### INPUT DATA

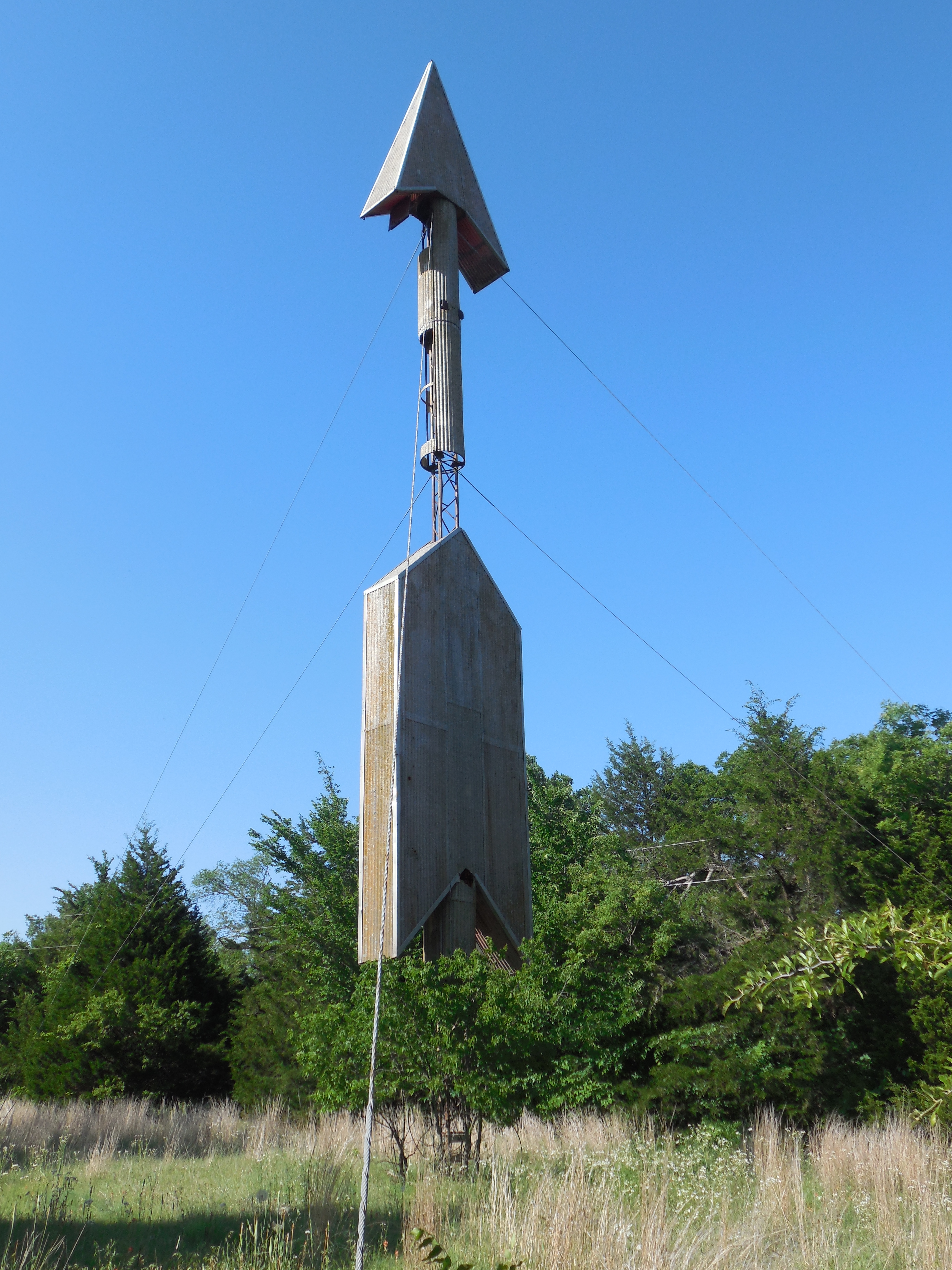 This tower stayed in the middle of the fairgrounds until 1967 when it was deemed structurally unsound and was removed. It was replaced the next year by the landmark we all know now as the Space Needle. What many do not know is that after removal, the arrow was cut down to about 80 feet and placed on land owned by an employee of the Utility Tower Company (who had originally built it) near SW 59th and Frisco Roads. Even though the property (called Odd Acres by some locals) has changed hands a few times, that arrow still sits on the side of the road. It’s no longer red and white and the atom is long gone (even though I’ve heard the rumor that it was placed on top of the current space needle, I can’t confirm this), it provides a great nesting place for birds. Just a piece of Oklahoma history, sitting in plain sight and unfortunately rotting away.
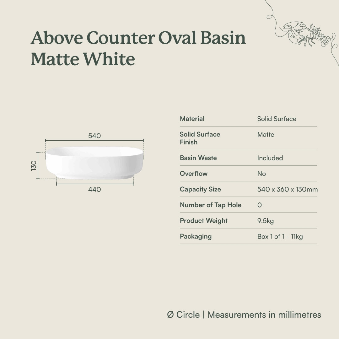 The Above Counter Oval Basin in Matte White brings a soft, sculptural moment to the vanity. This above counter basin features a gently curved oval form and smooth matte finish that pairs effortlessly with stone, timber and brass tapware. For those seeking an alternative to sharp rectangular basins, its raised sides help minimise splashes while keeping the bathroom feeling calm.
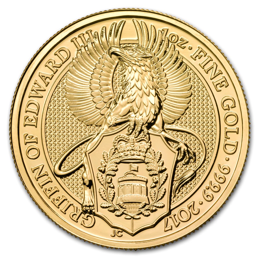 Золотая инвестиционная монета Великобритании "Звери Королевы. Грифон Эдуарда III" 2017 г.в., 31.1 г чистого золота (проба 9999)
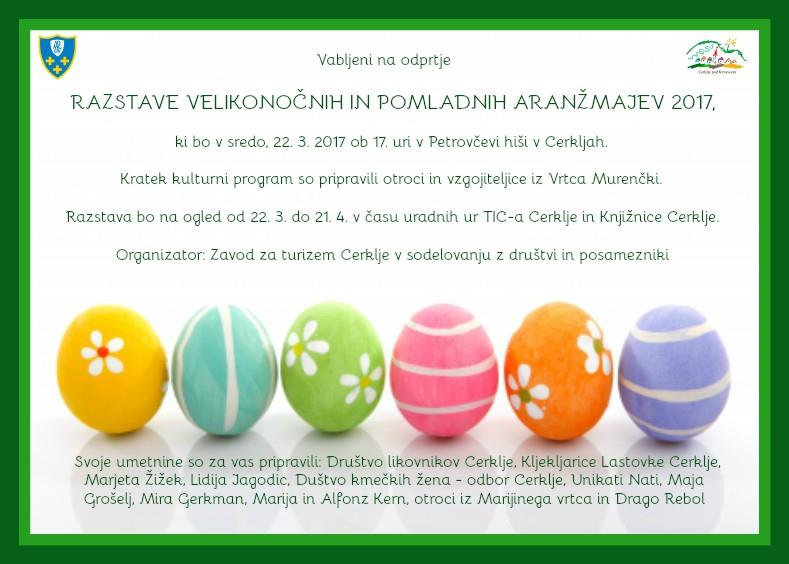 Zavod za turizem Cerklje v sodelovanju z društvi in posamezniki pripravlja tradicionalno Razstavo velikonočnih in pomladnih aranžmajev 2017. Otvoritev razstave bo v sredo, 22. marca ob 17. uri. Program ob otvoritvi so pripravili otroci in vzgojiteljice iz Vrtca Murenčki. Razstava bo na ogled od 22. marca do 21. aprila 2017 v Petrovčevi hiši v Cerkljah v času uradnih ur Turistično informacijskega centra Cerklje in Knjižnice Cerklje.

### PROBLEM TO SOLVE
Only the pictures are to be left out; the rest of the material above should be printed verbatim.

### THE ANSWER
 This tower stayed in the middle of the fairgrounds until 1967 when it was deemed structurally unsound and was removed. It was replaced the next year by the landmark we all know now as the Space Needle. What many do not know is that after removal, the arrow was cut down to about 80 feet and placed on land owned by an employee of the Utility Tower Company (who had originally built it) near SW 59th and Frisco Roads. Even though the property (called Odd Acres by some locals) has changed hands a few times, that arrow still sits on the side of the road. It’s no longer red and white and the atom is long gone (even though I’ve heard the rumor that it was placed on top of the current space needle, I can’t confirm this), it provides a great nesting place for birds. Just a piece of Oklahoma history, sitting in plain sight and unfortunately rotting away.
 The Above Counter Oval Basin in Matte White brings a soft, sculptural moment to the vanity. This above counter basin features a gently curved oval form and smooth matte finish that pairs effortlessly with stone, timber and brass tapware. For those seeking an alternative to sharp rectangular basins, its raised sides help minimise splashes while keeping the bathroom feeling calm.
 Золотая инвестиционная монета Великобритании "Звери Королевы. Грифон Эдуарда III" 2017 г.в., 31.1 г чистого золота (проба 9999)
 Zavod za turizem Cerklje v sodelovanju z društvi in posamezniki pripravlja tradicionalno Razstavo velikonočnih in pomladnih aranžmajev 2017. Otvoritev razstave bo v sredo, 22. marca ob 17. uri. Program ob otvoritvi so pripravili otroci in vzgojiteljice iz Vrtca Murenčki. Razstava bo na ogled od 22. marca do 21. aprila 2017 v Petrovčevi hiši v Cerkljah v času uradnih ur Turistično informacijskega centra Cerklje in Knjižnice Cerklje.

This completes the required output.